4 The time course of stroke-induced changes in the core and the penumbra 4.1 Acute and sub-acute post-stroke reaction

The severely hypoperfused core is the location of the first reaction to ischemia. The first tissue reaction to the oxygen deficit is a substantial decrease in number of NG2-glia (Lee et al., 2003) and swelling of oligodendrocytes (Hernandez et al., 2021). Within the first 3 h post-ischemia, neurons with hyperchromatic nuclei can be observed (Yang et al., 2013). Four to 6 h following ischemia, the endothelial cells of the local capillaries become activated and the compromised integrity of the BBB results in edema. Hematoxylin-eosin staining can reveal red neurons indicating their damage (Hirouchi et al., 2007) and a general loss of cells. Barely any astrocytes can be seen (Nowicka et al., 2008; Aleithe et al., 2019) and those that remain are the source of the monocyte chemoattractant protein-1 (MCP-1) at 12 h after ischemia (Che et al., 2001). One day post-ischemia, macrophages/microglia are recruited into the core and their somas become larger, resembling an amoeboid shape. The tissue loses its clear structure, there is almost no immunostaining signal for neurons and the loss of Wisteria floribunda (WFA) staining with preserved proteoglycans indicates the partial decomposition of perineuronal nets (PNNs) (Hobohm et al., 2005). Axons begin to disappear (Khodanovich et al., 2018). The activated microglia and astrocytes also appear in the penumbra, and the astrocytes begin to form a wide layer around the ischemic core (Mabuchi et al., 2000; Melani et al., 2006; Nowicka et al., 2008). Glia are one of the main secretors of the ECM deposited in the lesion and the accumulated ECM macromolecules prevent axonal outgrowth in the area void of neurons (Dzyubenko et al., 2018). Both the NG2-glia (Tanaka et al., 2001) and astrocytes (Melani et al., 2006) are swollen, but the cell numbers do not differ. Although the number of neurons in the penumbra declines (Melani et al., 2006), the staining intensity for neuronal nuclear protein (NeuN) and microtubule-associated protein (MAP2), markers of mature neurons, remains constant (Cao et al., 2021). In contrast to the core, the PNNs in the penumbra are intact.

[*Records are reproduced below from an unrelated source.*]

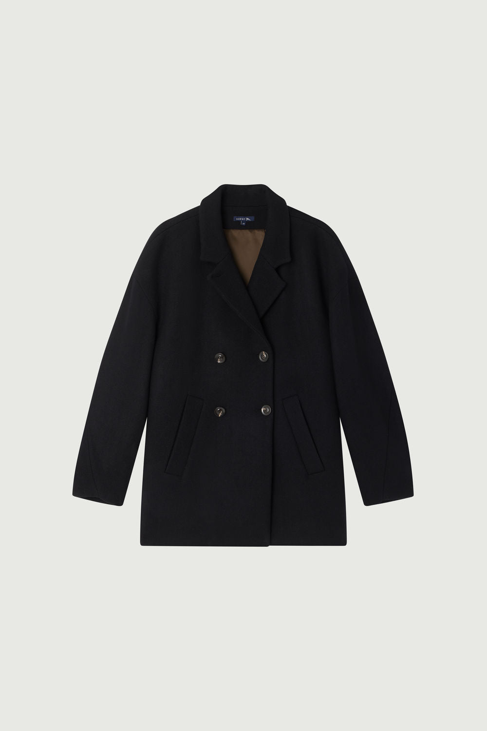 SALFORD is a short pea coat with a loose and round shape. Crafted from black double wool tweed. It can be worn with the collar open or closed. Featuring a double-breasted design and two front welt pockets, it combines elegance and timelessness with round sleeves for optimal comfort.
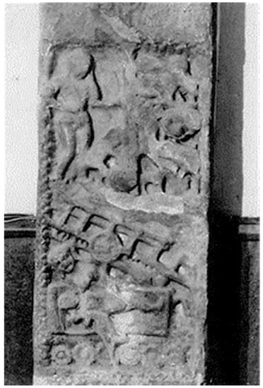 Doorjamb with Exploits of the Young Kṛṣṇa, fourth–sixth century. Maṇḍor, Rajasthan. Sandstone. Jodhpur Museum (photo by courtesy of the American Institute of Indian Studies).
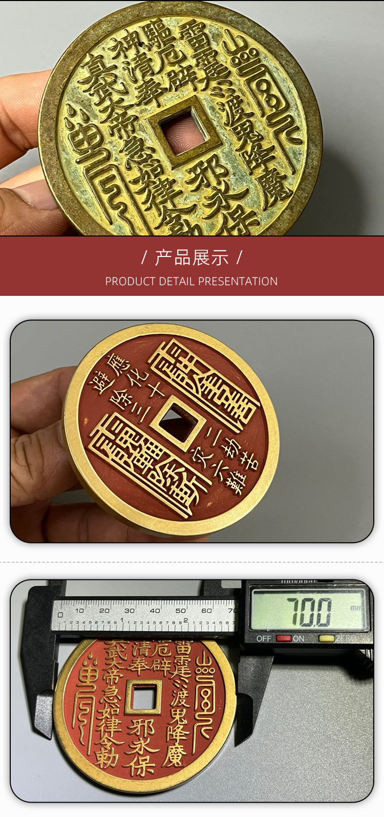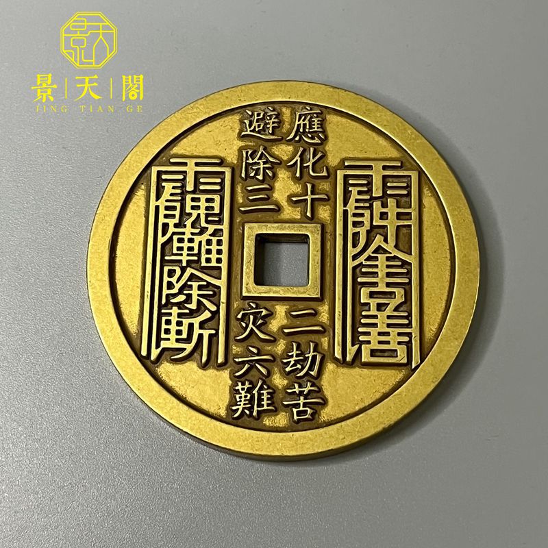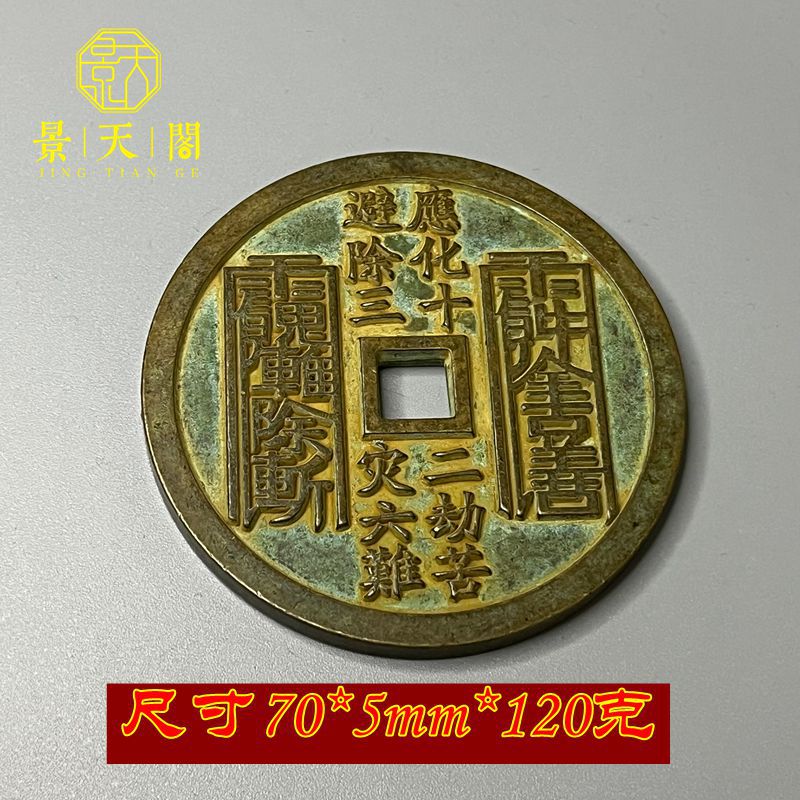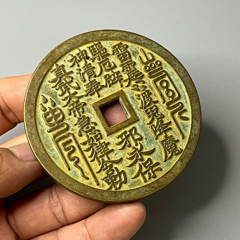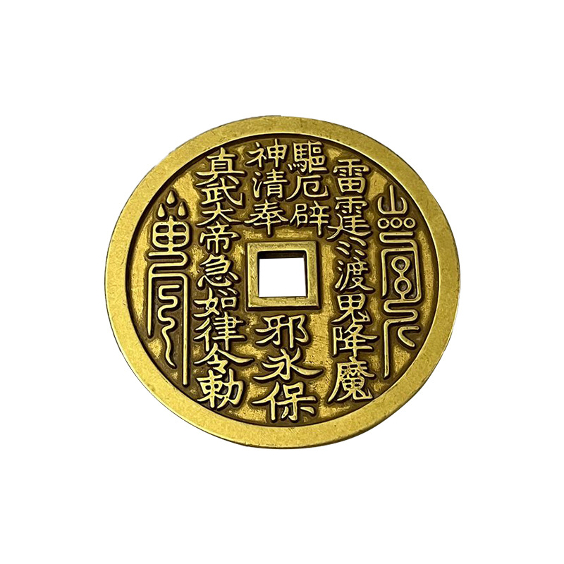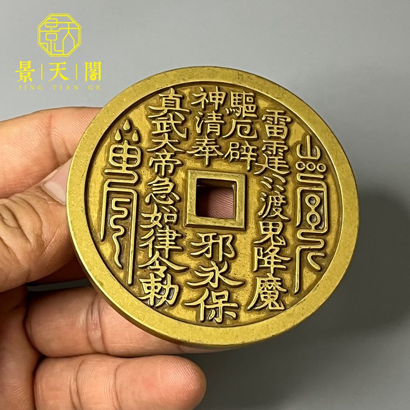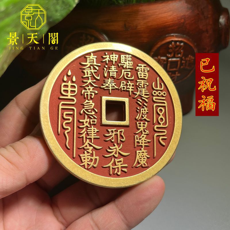 纯铜大号朱砂绿锈黄亮真武大帝精雕方孔山鬼雷局花钱厌胜钱 收藏
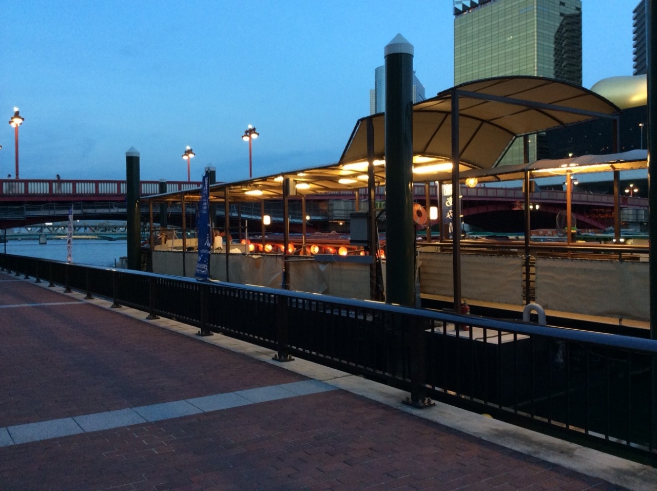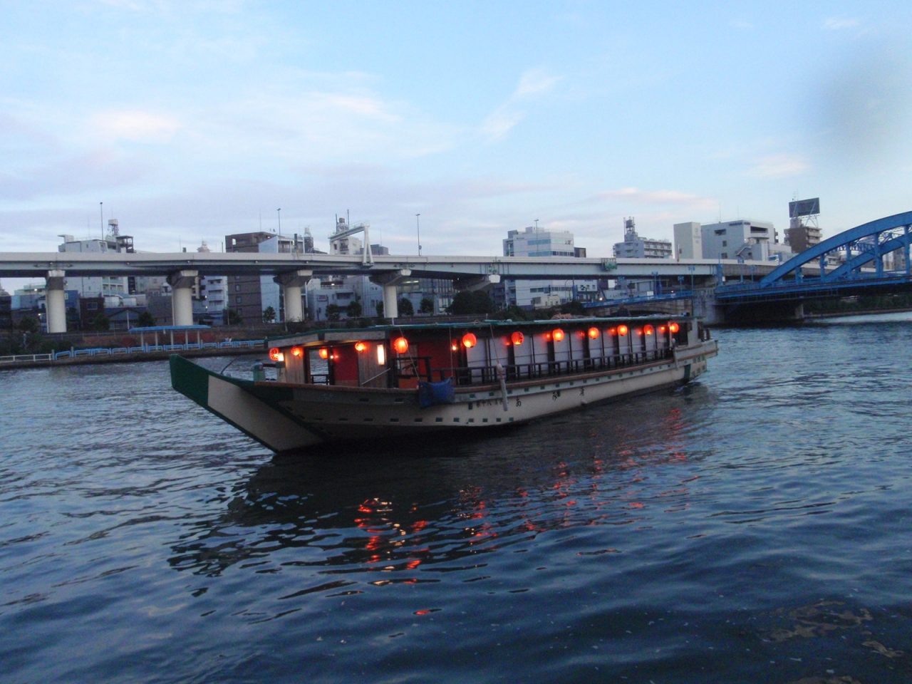 吾妻橋から屋形船に乗り込む。夕方でスカイツリーもしっかり見える。レインボーブリッジまで下って、舟付き場に戻ってくる頃にはもう夜景を楽しむ時間になる。飲み放題で、さらに天ぷらは揚げたてが食べ放題。景色とお酒を楽しむ晩だった。
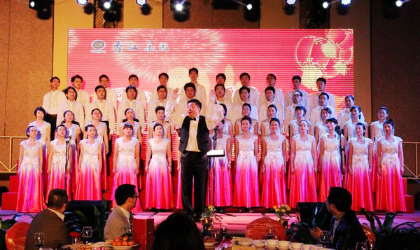 香江集團(tuán)文促會(huì)于今年組建了藝術(shù)團(tuán)并初見成效,力求創(chuàng)新思路,以員工喜聞樂見的形式促進(jìn)企業(yè)文化建設(shè)。藝術(shù)團(tuán)成員出色表現(xiàn)的背后,飽含著他們對(duì)香江的感情和成員互相之間兄弟姐妹般的情誼。文促會(huì)藝術(shù)團(tuán)歌伴舞節(jié)目《紅紅的日子》的精彩表現(xiàn)令人贊不絕口,大合唱節(jié)目更是將晚會(huì)氣氛推向高潮,各位高管與合唱團(tuán)齊唱《香江之歌》,《香江之歌》成為了香江人拼搏進(jìn)取的精神信仰。
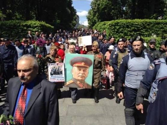 Близько 12.00 години 30 осіб переважно похилого віку намагалися пройти до Парку Слави, тримаючи у руках портрет Сталіна. Це і стало причиною конфлікту.
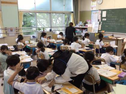 2年1組さん、2組さんの算数の授業に一緒に参加していただき、「丸付け」「声掛け」などのサポートをしていただきました。
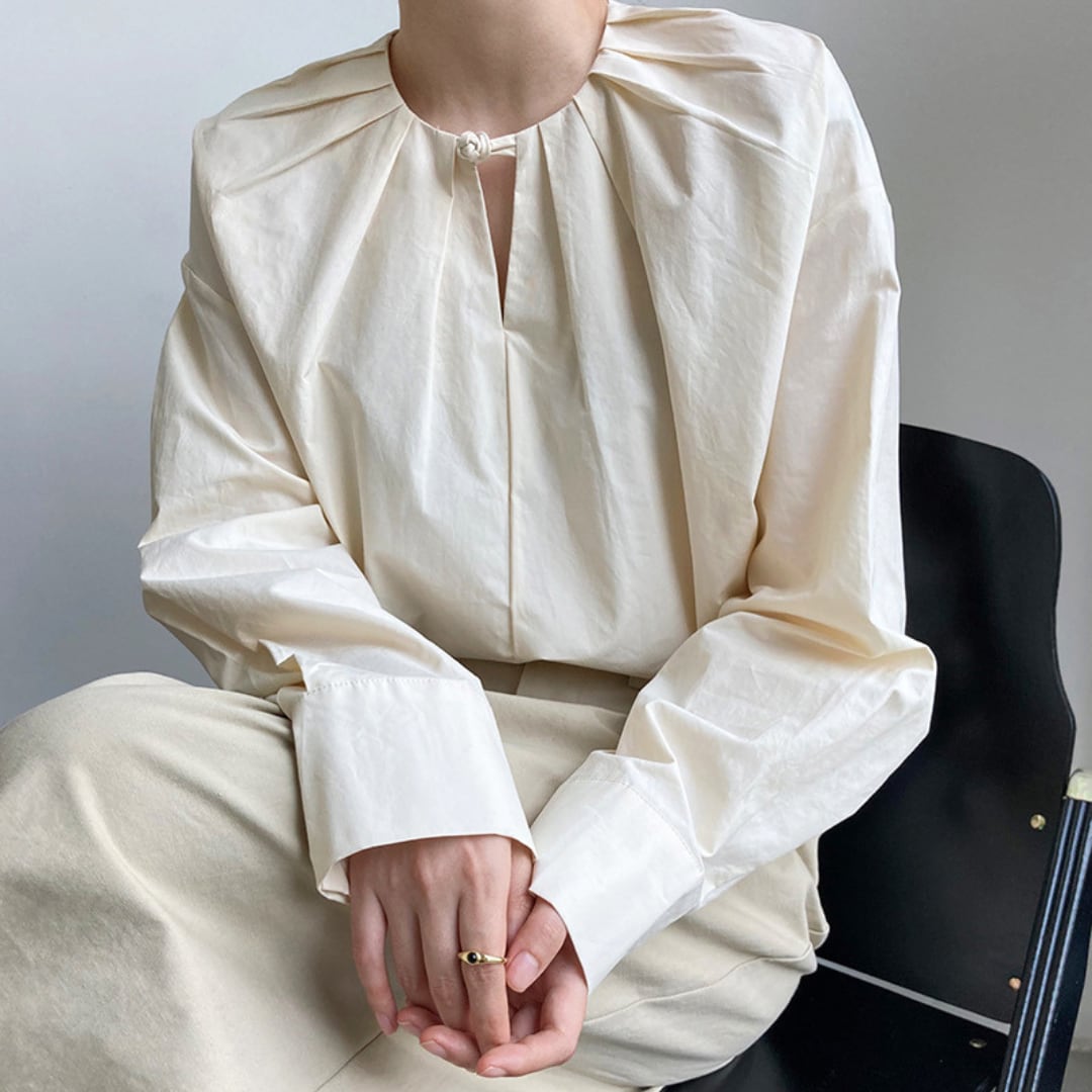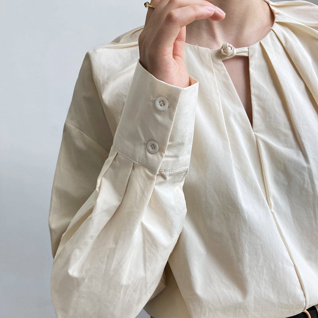 ネックラインに沿って施されたプリーツと、プラケットが魅力的なブラウス。

4.2 Early chronic post-stroke reaction

Massive gliosis spreads in the core on the third day after ischemia, with microglia proliferating to a large extent (Che et al., 2001); an increase in the number of glial cells can also be observed in the penumbra (Gaire et al., 2019). The release of the MCP-1 for the attraction of immune cells is intensified in the core and its spreading into the surroundings can also be observed (Che et al., 2001). Myelin sheaths in the core are damaged, the affected axons inside them separate from each other and vacuolization can be detected (Khodanovich et al., 2018). In the penumbra, neurons are still visible, in contrast to the core (Cao et al., 2021) and neural stem cells (NSCs) begin to appear in both structures (Shin et al., 2013). The MCP-1 expression dissappears from the core 5 days following ischemia, but still dwells in its outer rim (Che et al., 2001). One week after focal ischemia, the core still displays a minimum of neuronal cells and necrotic debris occupies the void (Schroeter et al., 2002). The phagocytic activity peaks at this time (Toth et al., 2016) as the core is packed with microglia (Michalski et al., 2017). NG2-glia are absent in the core, unlike in the penumbra, where they grow in size and numbers (Tanaka et al., 2001), presumably due to migration from the subventricular zone (SVZ) (Hernandez et al., 2021). Some of them acquire astrocyte-like phenotype and contribute to the formation of the glial scar (Valny et al., 2018). The structure overflows with astrocytes, microglia and oligodendrocytes (Mabuchi et al., 2000), and the glial scar becomes thinner as the astrocytes align more closely to each other (Hobohm et al., 2005; Nowicka et al., 2008; Cao et al., 2021). Ischemic injury evokes a reduction of NeuN+ neurons and a complete loss of MAP2+ neurons in the infarct core. In peri-infarct areas, the number of NeuN+ neurons is also decreased, but MAP2+ neurons are located around the infarct border (Cao et al., 2021). Hobohm et al. (2005) observed an appearance of aggrecan expression in reactive astrocytes 7 days after MCAO; the glial scar is already clearly visible at this time (Hobohm et al., 2005). The intensity of microglial Iba-1 staining reaches its peak in the core 2 weeks post-ischemia (Reitmeir et al., 2011). Myelination of the tissue remains low (Khodanovich et al., 2018) with a decline observed in the penumbra (Tanaka et al., 2016).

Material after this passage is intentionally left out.